From Principia Mathematica to Charlie Hebdo
The massacre of 12 cartoonists and journalists at Charlie Hebdo magazine in Paris this week should remind us to ask: Why is free speech so important?
It is more than an inalienable individual right; it is fundamental to human progress. That is why it is one of the most important institutions of liberty.
When we look at the history of the freedom of speech in the West, we see that early on it was tied up with the freedom of the press, which is why the terms are used interchangeably in American constitutional theory. Yet, for most of the West’s history, the idea of “publishing” was meaningless. Books were copied by hand, first by scribes hired by Roman nobles to copy books they liked, then by monks in medieval scriptoria, with the more ancient texts copied as practice for copying the more important religious texts. As a result, many texts were lost, with others surviving by mere chance.
Having assumed the role of guardian of learning, the medieval church was ill-disposed toward innovations that threatened its position. The suppression of early English versions of the Bible is a case in point. Information traveled slowly, impeding the progress of intellectual innovation.
The printing press changed all that, as it brought about the first series of real struggles over freedom of speech. Ideas could travel more quickly, and literacy exploded.

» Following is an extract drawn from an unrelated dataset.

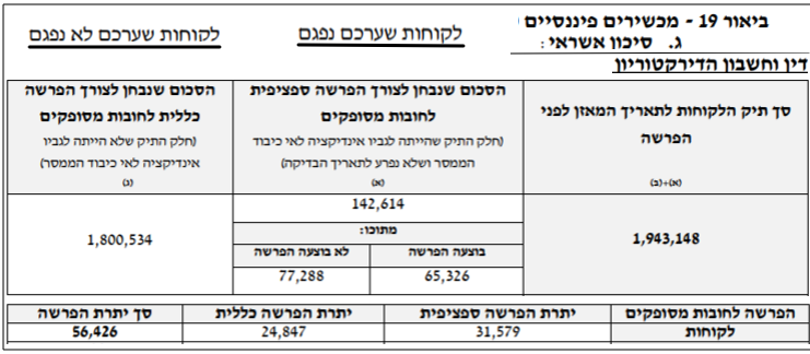 הפלח הראשון בטבלה, 142,614 אלפי ש"ח, הוא בדיוק הפלח המובא בביאור 19ג תחת הכותרת "לקוחות שערכם נפגם", אבל כאן, בדוח הדירקטוריון, יתרה זו מקבלת כותרת אחרת:

As people could finally read the Bible for themselves, Reformation movements grew all over Europe. Then they took to using the press to spread other ideas. In response, the church and its allies in positions of power took steps to restrain this new free press. In fact, early copyright law arose from efforts to regulate the production of printers.
It should not surprise us that early libertarians were often printers. “Freeborn John” Lilburne was first arrested for printing and circulating unlicensed books.
The great poet John Milton wrote perhaps the first great defense of free speech when the English republican Parliament reintroduced censorship via the Licensing Order of 1643 (censorship had effectively been abolished in 1640 along with the Star Chamber, which tried Lilburne). In his Areopagitica, Milton passionately demanded freedom of the press and tolerance of heterodox publications, saying, “Give me the liberty to know, to utter, and to argue freely according to conscience, above all liberties.”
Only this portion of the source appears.